Problem
In the records below, find the line containing "LIDO ISLE 117" and the line containing "Over the past"; please repeat exactly the lines from one to the other, both included, and nothing more.

Data for this exercise
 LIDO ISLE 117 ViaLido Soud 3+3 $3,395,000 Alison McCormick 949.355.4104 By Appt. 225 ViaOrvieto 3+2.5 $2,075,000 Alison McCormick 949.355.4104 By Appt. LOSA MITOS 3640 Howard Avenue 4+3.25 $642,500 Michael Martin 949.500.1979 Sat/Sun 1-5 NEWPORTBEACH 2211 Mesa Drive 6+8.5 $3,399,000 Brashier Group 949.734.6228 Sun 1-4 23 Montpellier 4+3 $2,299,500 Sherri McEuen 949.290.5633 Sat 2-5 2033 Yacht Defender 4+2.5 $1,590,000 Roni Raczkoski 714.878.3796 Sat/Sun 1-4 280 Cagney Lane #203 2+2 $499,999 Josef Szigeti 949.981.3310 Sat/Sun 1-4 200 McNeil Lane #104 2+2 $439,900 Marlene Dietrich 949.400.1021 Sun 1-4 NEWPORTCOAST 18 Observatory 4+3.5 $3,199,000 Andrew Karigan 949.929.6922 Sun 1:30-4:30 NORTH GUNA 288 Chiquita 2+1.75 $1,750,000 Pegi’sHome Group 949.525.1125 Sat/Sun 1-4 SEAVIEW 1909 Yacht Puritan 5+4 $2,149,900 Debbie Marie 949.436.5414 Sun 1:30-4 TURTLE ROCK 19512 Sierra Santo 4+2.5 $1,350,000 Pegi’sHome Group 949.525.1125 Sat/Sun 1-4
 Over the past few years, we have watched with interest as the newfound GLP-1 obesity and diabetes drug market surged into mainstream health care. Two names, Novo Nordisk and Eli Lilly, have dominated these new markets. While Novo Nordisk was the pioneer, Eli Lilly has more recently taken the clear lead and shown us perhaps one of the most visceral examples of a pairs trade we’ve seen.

* * *

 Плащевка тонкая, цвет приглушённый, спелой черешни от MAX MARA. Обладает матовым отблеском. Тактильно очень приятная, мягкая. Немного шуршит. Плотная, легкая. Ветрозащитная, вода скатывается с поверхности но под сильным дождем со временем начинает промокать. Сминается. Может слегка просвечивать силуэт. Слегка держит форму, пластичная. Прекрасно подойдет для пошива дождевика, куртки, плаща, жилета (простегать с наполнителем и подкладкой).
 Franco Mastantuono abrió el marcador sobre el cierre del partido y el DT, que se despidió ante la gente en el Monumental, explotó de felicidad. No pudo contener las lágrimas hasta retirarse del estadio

...

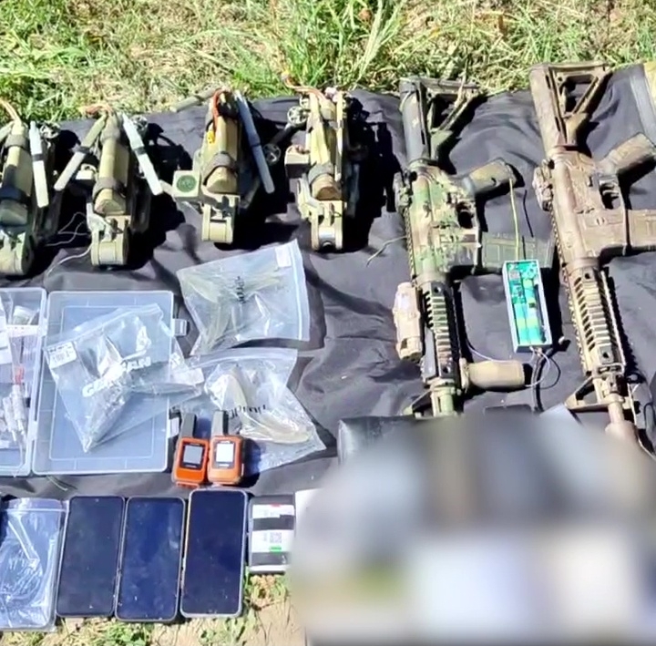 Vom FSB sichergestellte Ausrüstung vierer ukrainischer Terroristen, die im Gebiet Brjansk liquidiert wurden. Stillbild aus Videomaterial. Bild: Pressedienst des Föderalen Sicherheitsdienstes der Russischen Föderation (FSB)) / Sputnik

Expected output
 LIDO ISLE 117 ViaLido Soud 3+3 $3,395,000 Alison McCormick 949.355.4104 By Appt. 225 ViaOrvieto 3+2.5 $2,075,000 Alison McCormick 949.355.4104 By Appt. LOSA MITOS 3640 Howard Avenue 4+3.25 $642,500 Michael Martin 949.500.1979 Sat/Sun 1-5 NEWPORTBEACH 2211 Mesa Drive 6+8.5 $3,399,000 Brashier Group 949.734.6228 Sun 1-4 23 Montpellier 4+3 $2,299,500 Sherri McEuen 949.290.5633 Sat 2-5 2033 Yacht Defender 4+2.5 $1,590,000 Roni Raczkoski 714.878.3796 Sat/Sun 1-4 280 Cagney Lane #203 2+2 $499,999 Josef Szigeti 949.981.3310 Sat/Sun 1-4 200 McNeil Lane #104 2+2 $439,900 Marlene Dietrich 949.400.1021 Sun 1-4 NEWPORTCOAST 18 Observatory 4+3.5 $3,199,000 Andrew Karigan 949.929.6922 Sun 1:30-4:30 NORTH GUNA 288 Chiquita 2+1.75 $1,750,000 Pegi’sHome Group 949.525.1125 Sat/Sun 1-4 SEAVIEW 1909 Yacht Puritan 5+4 $2,149,900 Debbie Marie 949.436.5414 Sun 1:30-4 TURTLE ROCK 19512 Sierra Santo 4+2.5 $1,350,000 Pegi’sHome Group 949.525.1125 Sat/Sun 1-4
 Over the past few years, we have watched with interest as the newfound GLP-1 obesity and diabetes drug market surged into mainstream health care. Two names, Novo Nordisk and Eli Lilly, have dominated these new markets. While Novo Nordisk was the pioneer, Eli Lilly has more recently taken the clear lead and shown us perhaps one of the most visceral examples of a pairs trade we’ve seen.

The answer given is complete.